Any pictures in the records below must be left out when you repeat the lines from the line containing "US Environmental Legislation" through the line containing "легкоатлет записывал время" exactly.

(Data for analysis Opens)

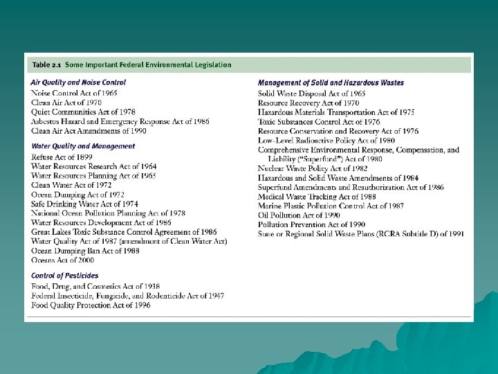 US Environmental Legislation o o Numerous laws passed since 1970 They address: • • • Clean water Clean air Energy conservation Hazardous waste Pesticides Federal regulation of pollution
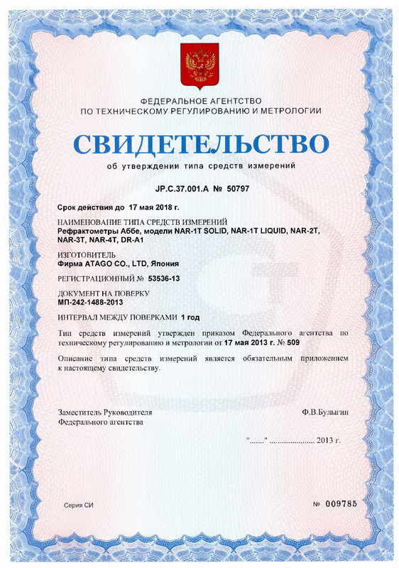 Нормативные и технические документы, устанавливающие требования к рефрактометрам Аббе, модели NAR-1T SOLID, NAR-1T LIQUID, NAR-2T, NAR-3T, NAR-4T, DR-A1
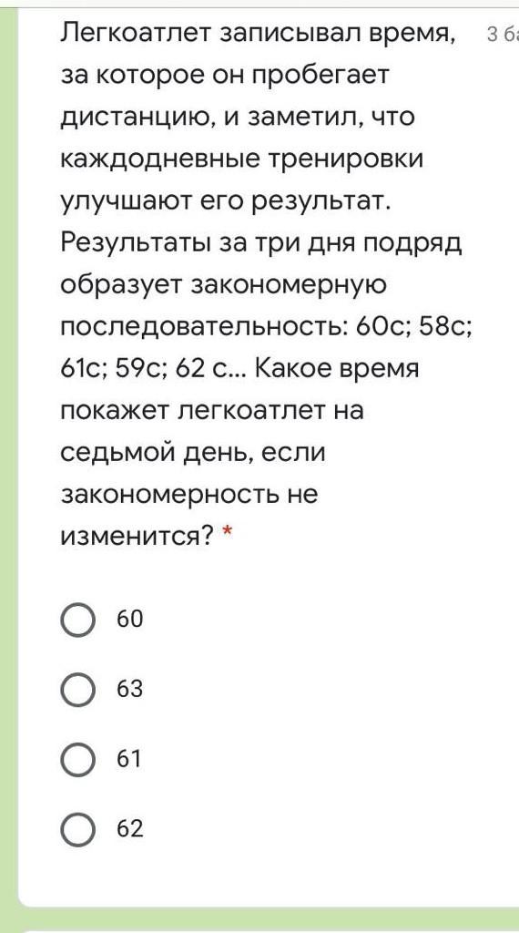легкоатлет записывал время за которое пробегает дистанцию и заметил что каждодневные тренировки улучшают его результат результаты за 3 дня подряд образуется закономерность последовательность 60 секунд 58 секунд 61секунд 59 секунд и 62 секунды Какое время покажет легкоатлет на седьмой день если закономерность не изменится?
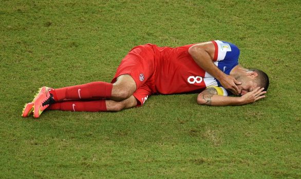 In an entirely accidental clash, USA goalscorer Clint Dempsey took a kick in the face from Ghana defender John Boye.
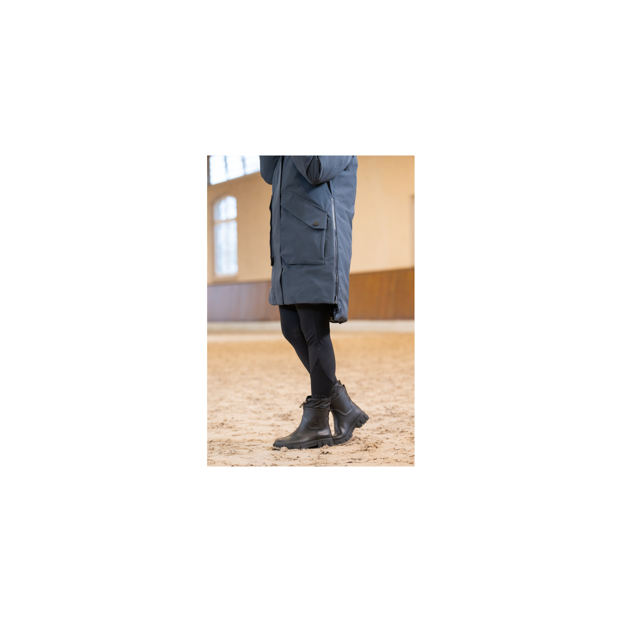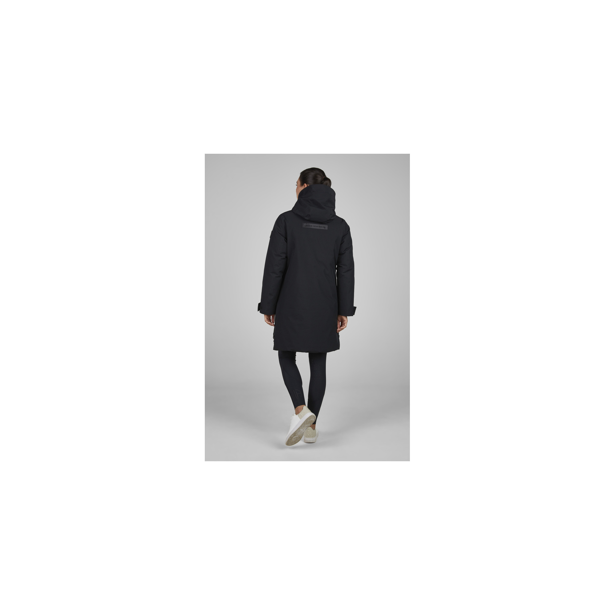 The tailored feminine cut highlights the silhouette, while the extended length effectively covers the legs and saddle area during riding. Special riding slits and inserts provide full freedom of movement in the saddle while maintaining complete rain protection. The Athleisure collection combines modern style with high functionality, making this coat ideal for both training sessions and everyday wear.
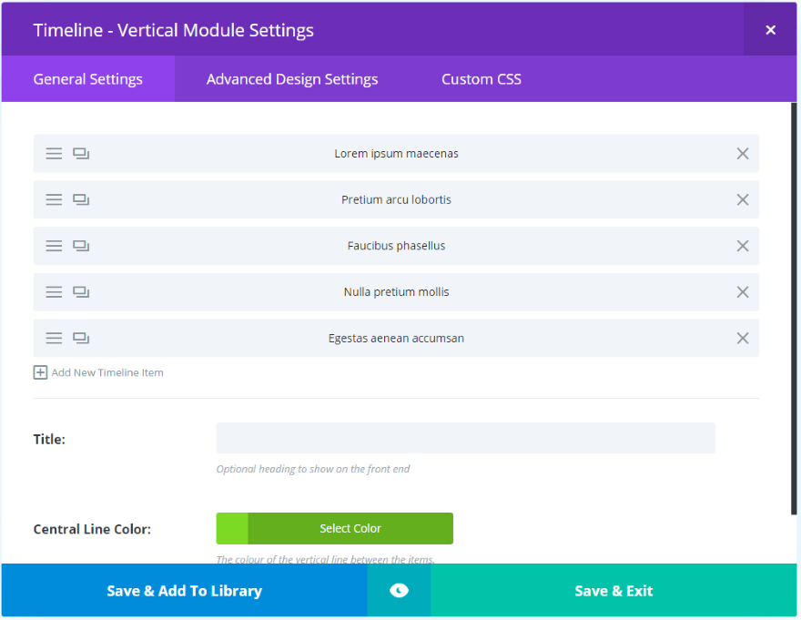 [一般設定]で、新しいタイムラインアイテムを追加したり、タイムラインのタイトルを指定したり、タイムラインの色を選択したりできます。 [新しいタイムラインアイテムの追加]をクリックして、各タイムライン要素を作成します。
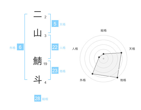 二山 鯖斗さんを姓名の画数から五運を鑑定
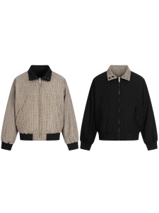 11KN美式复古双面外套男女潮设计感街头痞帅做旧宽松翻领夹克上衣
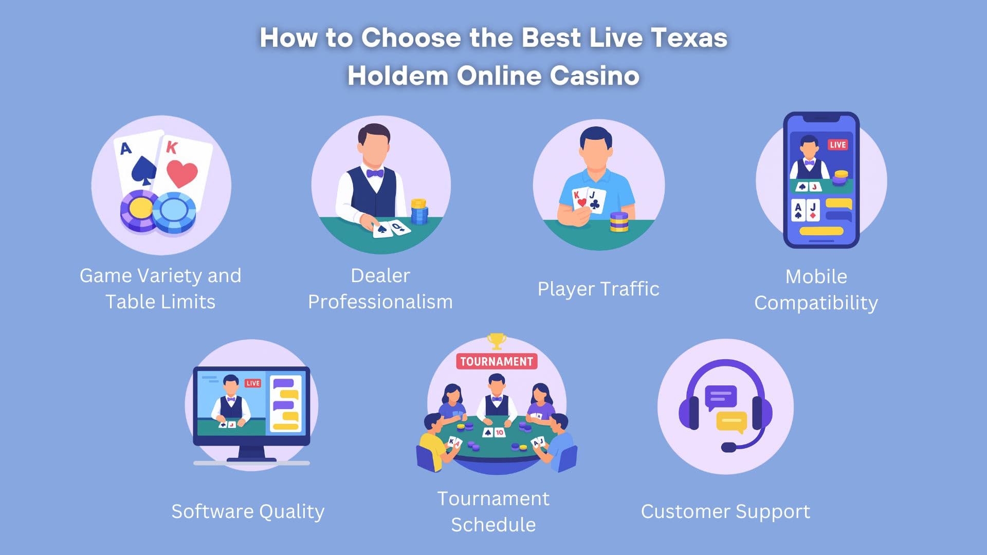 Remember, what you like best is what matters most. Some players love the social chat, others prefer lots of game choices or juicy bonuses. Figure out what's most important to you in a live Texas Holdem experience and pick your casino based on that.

(Data for analysis Closes)
(Data for analysis Opens)

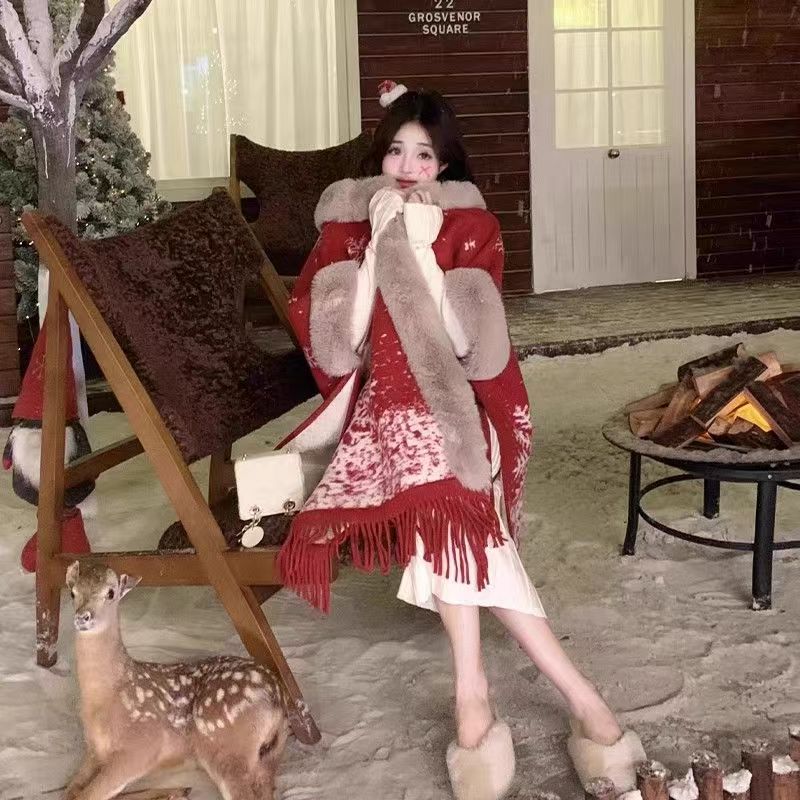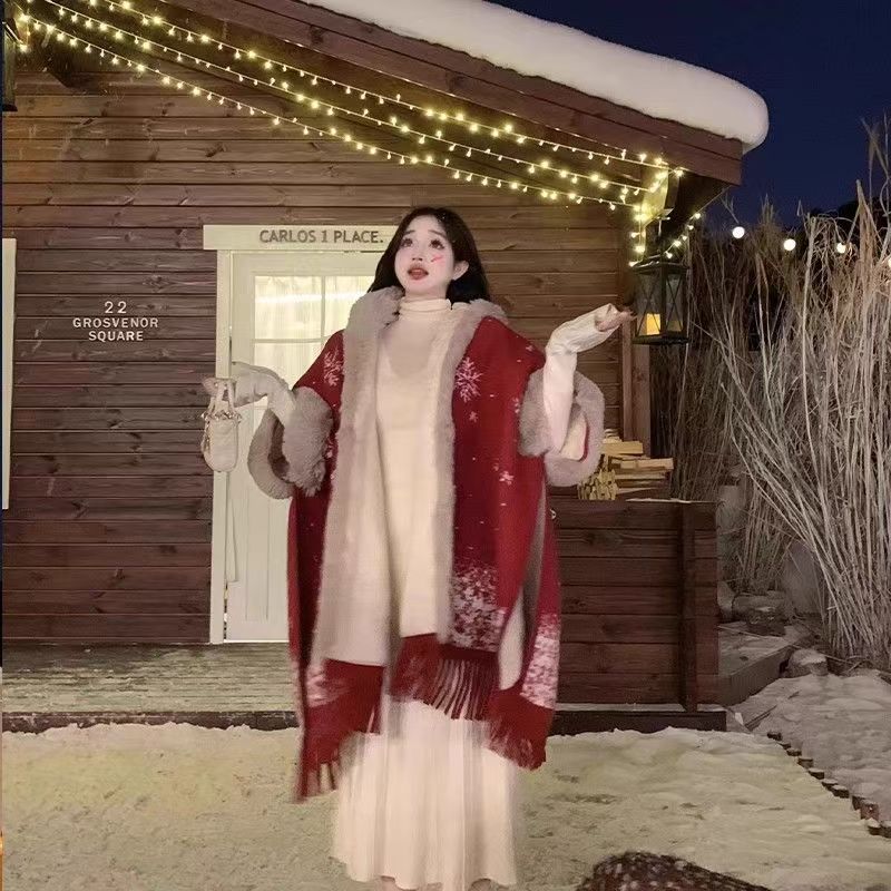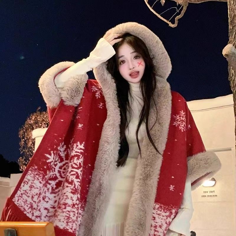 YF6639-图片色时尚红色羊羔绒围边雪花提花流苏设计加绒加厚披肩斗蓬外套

(Data for analysis Closes)

Completed exercise ▸
 US Environmental Legislation o o Numerous laws passed since 1970 They address: • • • Clean water Clean air Energy conservation Hazardous waste Pesticides Federal regulation of pollution
 Нормативные и технические документы, устанавливающие требования к рефрактометрам Аббе, модели NAR-1T SOLID, NAR-1T LIQUID, NAR-2T, NAR-3T, NAR-4T, DR-A1
легкоатлет записывал время за которое пробегает дистанцию и заметил что каждодневные тренировки улучшают его результат результаты за 3 дня подряд образуется закономерность последовательность 60 секунд 58 секунд 61секунд 59 секунд и 62 секунды Какое время покажет легкоатлет на седьмой день если закономерность не изменится?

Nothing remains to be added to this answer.